• [To do]: In your reply, print every line of the listing exactly and omit all images.

• [Information shown]:
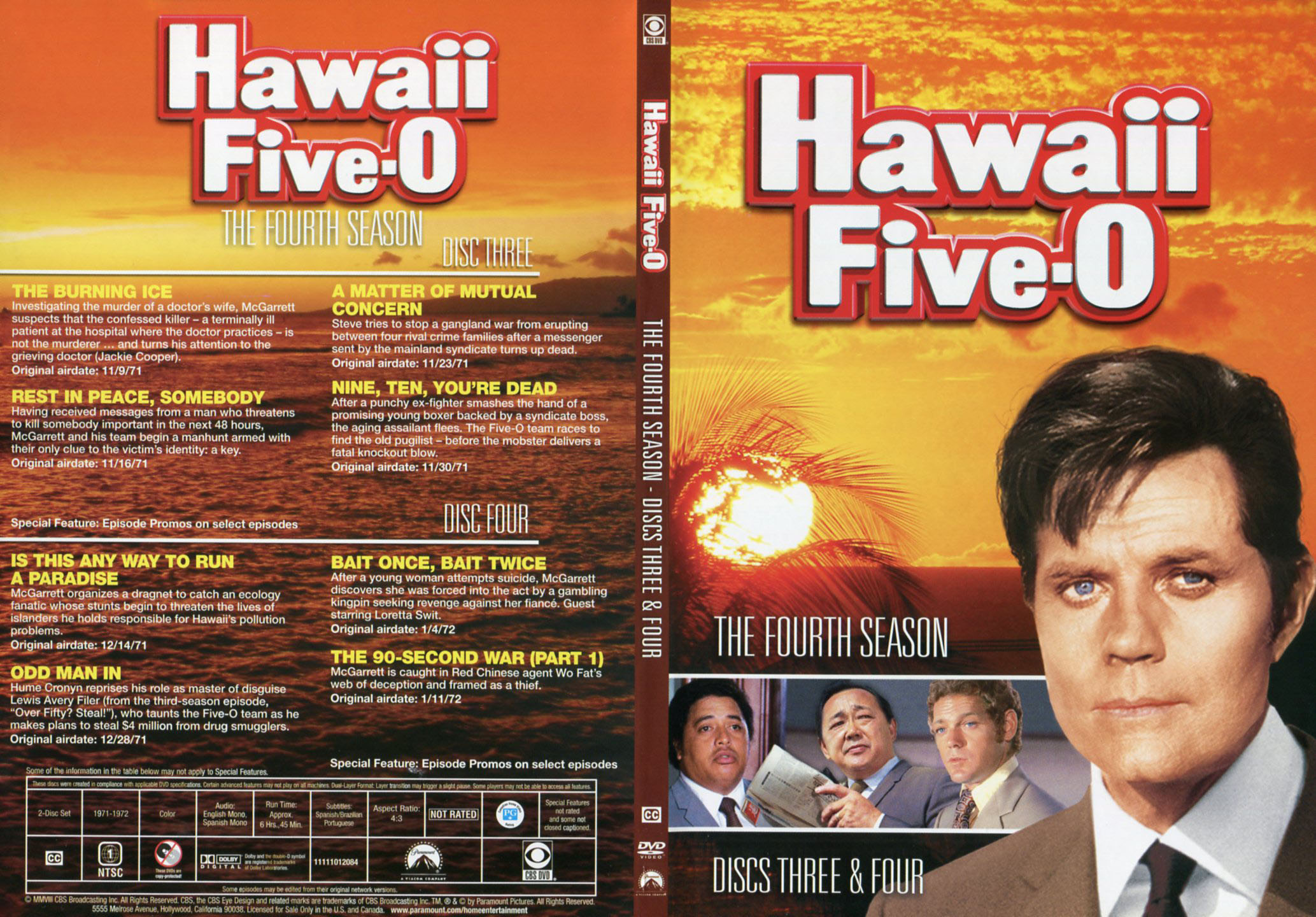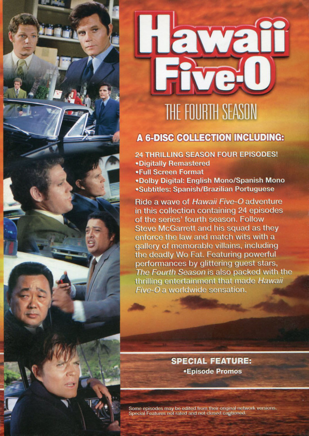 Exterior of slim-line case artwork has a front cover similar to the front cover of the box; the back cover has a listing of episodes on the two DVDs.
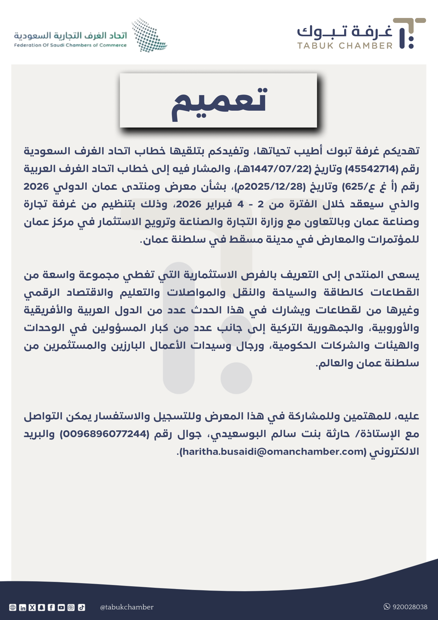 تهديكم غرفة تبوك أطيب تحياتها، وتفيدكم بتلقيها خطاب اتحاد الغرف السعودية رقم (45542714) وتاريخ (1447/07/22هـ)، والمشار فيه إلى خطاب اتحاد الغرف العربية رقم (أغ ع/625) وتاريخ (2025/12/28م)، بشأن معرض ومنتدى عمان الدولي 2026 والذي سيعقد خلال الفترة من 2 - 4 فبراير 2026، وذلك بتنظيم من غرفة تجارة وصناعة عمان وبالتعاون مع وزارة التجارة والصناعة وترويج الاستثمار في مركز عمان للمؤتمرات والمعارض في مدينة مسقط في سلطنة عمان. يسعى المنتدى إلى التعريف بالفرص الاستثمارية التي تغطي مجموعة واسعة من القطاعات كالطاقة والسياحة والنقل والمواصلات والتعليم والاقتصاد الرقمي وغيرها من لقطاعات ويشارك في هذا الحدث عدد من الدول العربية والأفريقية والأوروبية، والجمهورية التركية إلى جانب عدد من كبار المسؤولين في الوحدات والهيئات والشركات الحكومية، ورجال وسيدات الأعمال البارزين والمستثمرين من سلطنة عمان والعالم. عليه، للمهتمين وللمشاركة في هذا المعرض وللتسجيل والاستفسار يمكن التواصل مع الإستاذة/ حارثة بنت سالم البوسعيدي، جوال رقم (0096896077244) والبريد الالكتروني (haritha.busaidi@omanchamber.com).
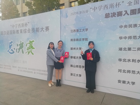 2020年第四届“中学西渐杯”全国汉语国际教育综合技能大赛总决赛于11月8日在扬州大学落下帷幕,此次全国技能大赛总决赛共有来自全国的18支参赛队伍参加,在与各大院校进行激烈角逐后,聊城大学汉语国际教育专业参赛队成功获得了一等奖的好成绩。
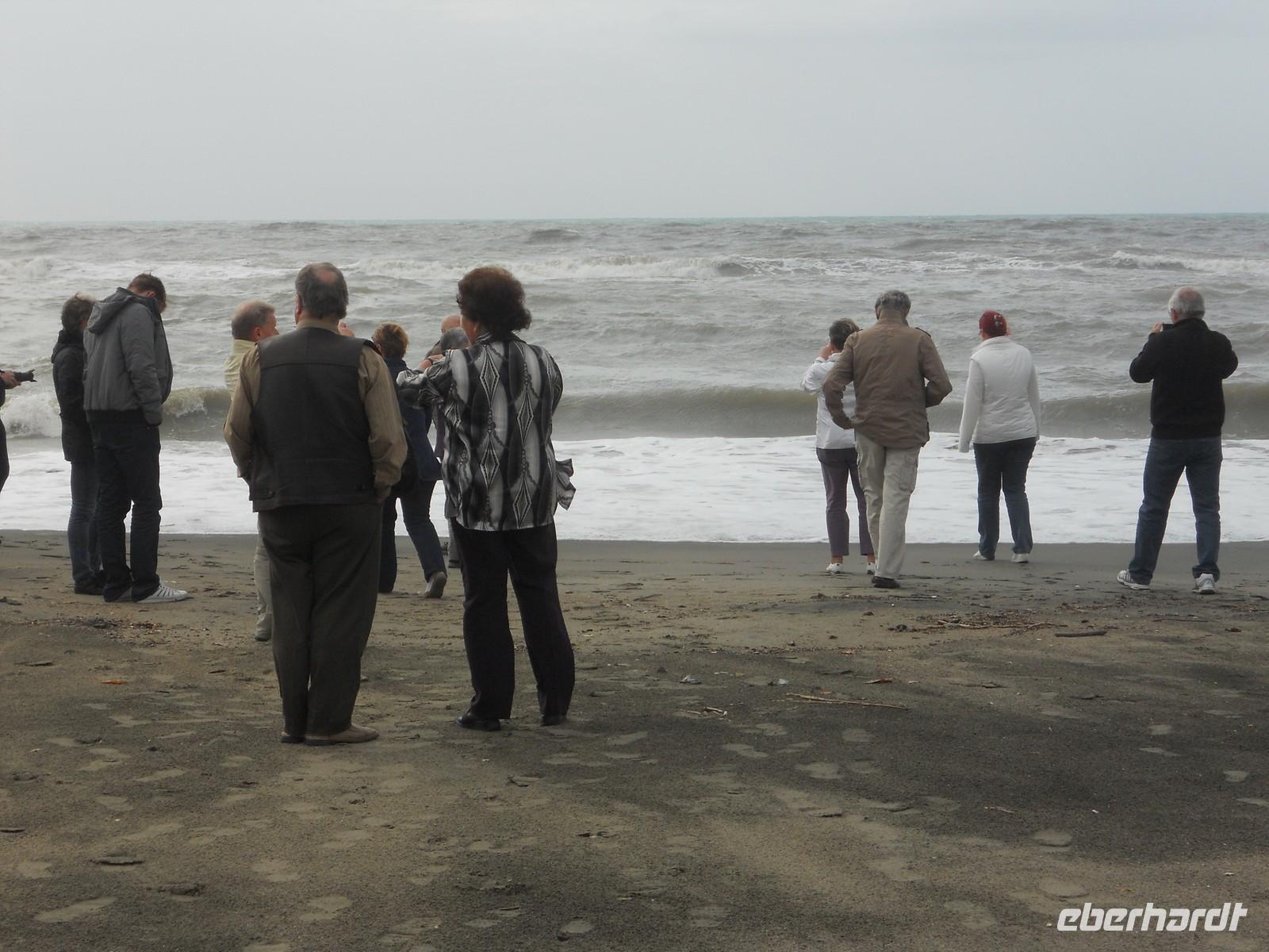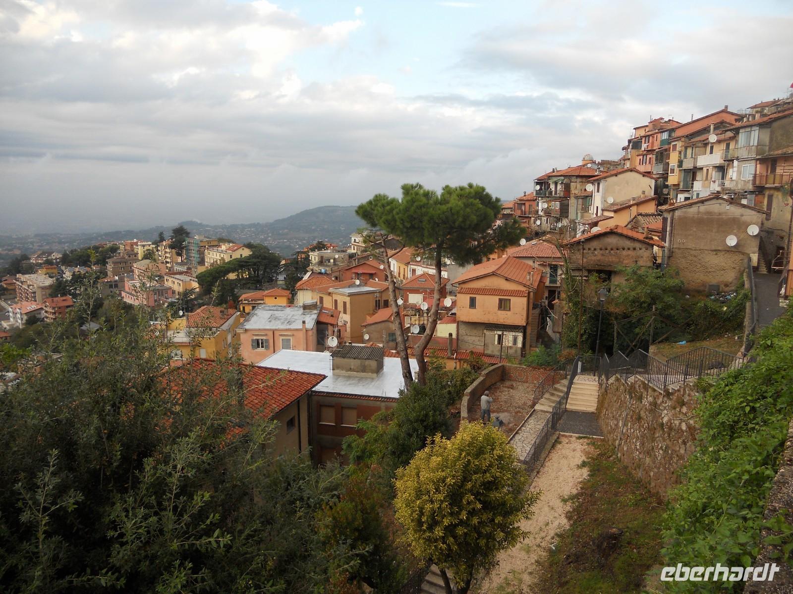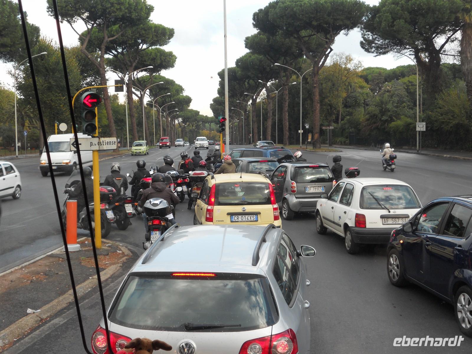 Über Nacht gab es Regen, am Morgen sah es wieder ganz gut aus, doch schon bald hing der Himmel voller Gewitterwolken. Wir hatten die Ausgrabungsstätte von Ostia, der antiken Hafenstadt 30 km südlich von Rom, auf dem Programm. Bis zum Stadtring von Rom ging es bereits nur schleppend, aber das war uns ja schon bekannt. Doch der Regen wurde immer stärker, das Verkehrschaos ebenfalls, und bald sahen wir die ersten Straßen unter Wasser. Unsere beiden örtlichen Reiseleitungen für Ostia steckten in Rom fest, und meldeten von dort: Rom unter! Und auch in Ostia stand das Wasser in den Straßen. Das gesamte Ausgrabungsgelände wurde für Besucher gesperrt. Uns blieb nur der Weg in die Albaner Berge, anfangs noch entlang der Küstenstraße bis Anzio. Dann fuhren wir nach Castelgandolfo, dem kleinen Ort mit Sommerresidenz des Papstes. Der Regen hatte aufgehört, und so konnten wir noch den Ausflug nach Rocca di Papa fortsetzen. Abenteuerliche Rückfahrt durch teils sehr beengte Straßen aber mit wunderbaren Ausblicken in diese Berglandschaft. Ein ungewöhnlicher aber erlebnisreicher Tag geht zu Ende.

• [Task output]:
 Exterior of slim-line case artwork has a front cover similar to the front cover of the box; the back cover has a listing of episodes on the two DVDs.
 تهديكم غرفة تبوك أطيب تحياتها، وتفيدكم بتلقيها خطاب اتحاد الغرف السعودية رقم (45542714) وتاريخ (1447/07/22هـ)، والمشار فيه إلى خطاب اتحاد الغرف العربية رقم (أغ ع/625) وتاريخ (2025/12/28م)، بشأن معرض ومنتدى عمان الدولي 2026 والذي سيعقد خلال الفترة من 2 - 4 فبراير 2026، وذلك بتنظيم من غرفة تجارة وصناعة عمان وبالتعاون مع وزارة التجارة والصناعة وترويج الاستثمار في مركز عمان للمؤتمرات والمعارض في مدينة مسقط في سلطنة عمان. يسعى المنتدى إلى التعريف بالفرص الاستثمارية التي تغطي مجموعة واسعة من القطاعات كالطاقة والسياحة والنقل والمواصلات والتعليم والاقتصاد الرقمي وغيرها من لقطاعات ويشارك في هذا الحدث عدد من الدول العربية والأفريقية والأوروبية، والجمهورية التركية إلى جانب عدد من كبار المسؤولين في الوحدات والهيئات والشركات الحكومية، ورجال وسيدات الأعمال البارزين والمستثمرين من سلطنة عمان والعالم. عليه، للمهتمين وللمشاركة في هذا المعرض وللتسجيل والاستفسار يمكن التواصل مع الإستاذة/ حارثة بنت سالم البوسعيدي، جوال رقم (0096896077244) والبريد الالكتروني (haritha.busaidi@omanchamber.com).
 2020年第四届“中学西渐杯”全国汉语国际教育综合技能大赛总决赛于11月8日在扬州大学落下帷幕,此次全国技能大赛总决赛共有来自全国的18支参赛队伍参加,在与各大院校进行激烈角逐后,聊城大学汉语国际教育专业参赛队成功获得了一等奖的好成绩。
 Über Nacht gab es Regen, am Morgen sah es wieder ganz gut aus, doch schon bald hing der Himmel voller Gewitterwolken. Wir hatten die Ausgrabungsstätte von Ostia, der antiken Hafenstadt 30 km südlich von Rom, auf dem Programm. Bis zum Stadtring von Rom ging es bereits nur schleppend, aber das war uns ja schon bekannt. Doch der Regen wurde immer stärker, das Verkehrschaos ebenfalls, und bald sahen wir die ersten Straßen unter Wasser. Unsere beiden örtlichen Reiseleitungen für Ostia steckten in Rom fest, und meldeten von dort: Rom unter! Und auch in Ostia stand das Wasser in den Straßen. Das gesamte Ausgrabungsgelände wurde für Besucher gesperrt. Uns blieb nur der Weg in die Albaner Berge, anfangs noch entlang der Küstenstraße bis Anzio. Dann fuhren wir nach Castelgandolfo, dem kleinen Ort mit Sommerresidenz des Papstes. Der Regen hatte aufgehört, und so konnten wir noch den Ausflug nach Rocca di Papa fortsetzen. Abenteuerliche Rückfahrt durch teils sehr beengte Straßen aber mit wunderbaren Ausblicken in diese Berglandschaft. Ein ungewöhnlicher aber erlebnisreicher Tag geht zu Ende.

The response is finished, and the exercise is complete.